Problem to solve: A word-for-word copy of the data, with no images, is the required answer.

Provided data:
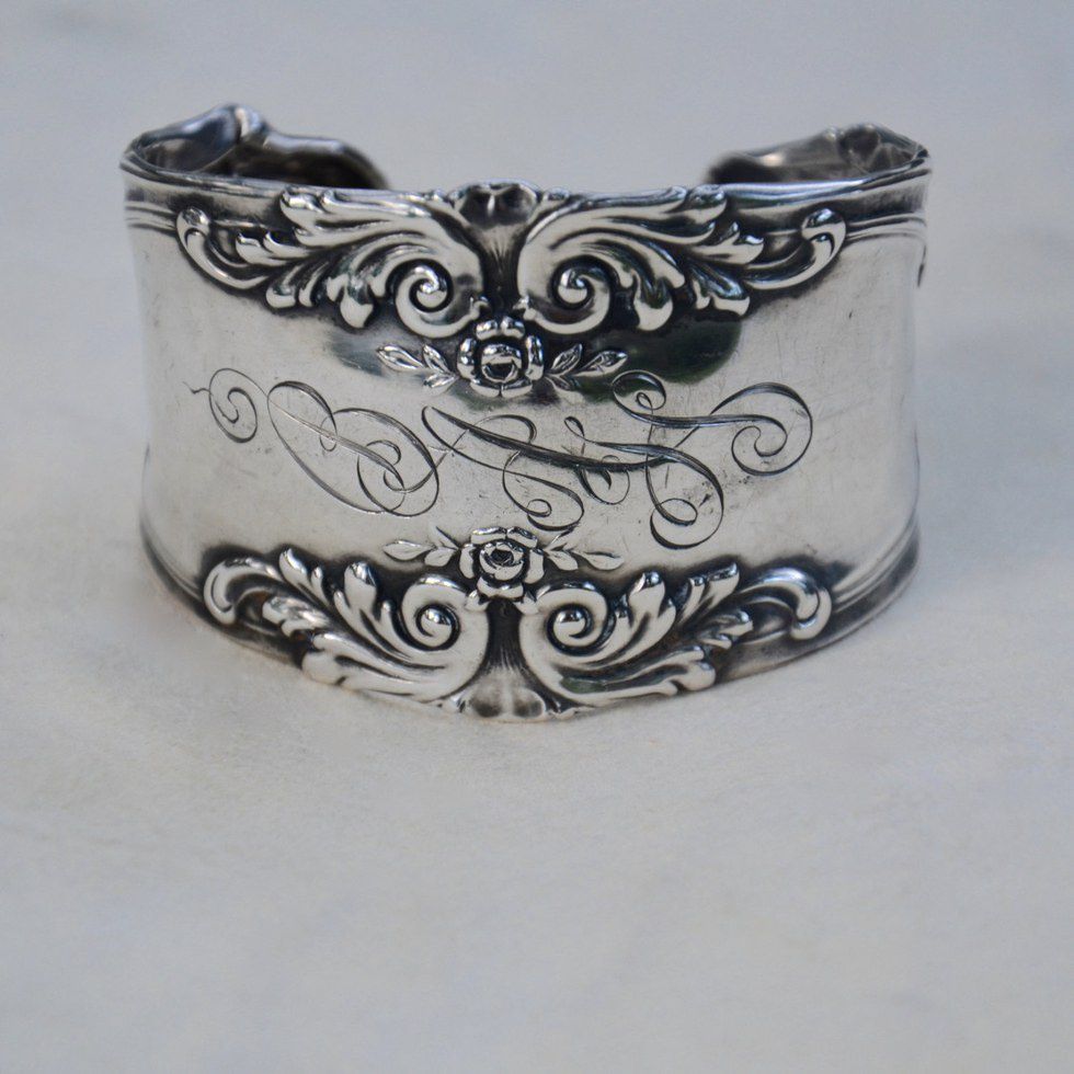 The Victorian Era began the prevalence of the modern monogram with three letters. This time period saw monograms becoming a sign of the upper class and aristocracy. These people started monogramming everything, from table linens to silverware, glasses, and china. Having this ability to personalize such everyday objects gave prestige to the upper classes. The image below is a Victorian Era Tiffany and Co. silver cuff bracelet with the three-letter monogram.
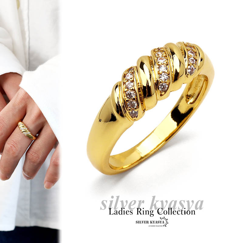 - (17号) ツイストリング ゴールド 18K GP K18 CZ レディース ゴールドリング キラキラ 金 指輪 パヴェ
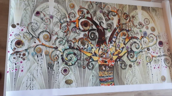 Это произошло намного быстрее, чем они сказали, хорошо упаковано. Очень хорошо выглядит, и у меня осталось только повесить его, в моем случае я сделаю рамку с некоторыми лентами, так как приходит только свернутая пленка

Result below:
 The Victorian Era began the prevalence of the modern monogram with three letters. This time period saw monograms becoming a sign of the upper class and aristocracy. These people started monogramming everything, from table linens to silverware, glasses, and china. Having this ability to personalize such everyday objects gave prestige to the upper classes. The image below is a Victorian Era Tiffany and Co. silver cuff bracelet with the three-letter monogram.
 - (17号) ツイストリング ゴールド 18K GP K18 CZ レディース ゴールドリング キラキラ 金 指輪 パヴェ
 Это произошло намного быстрее, чем они сказали, хорошо упаковано. Очень хорошо выглядит, и у меня осталось только повесить его, в моем случае я сделаю рамку с некоторыми лентами, так как приходит только свернутая пленка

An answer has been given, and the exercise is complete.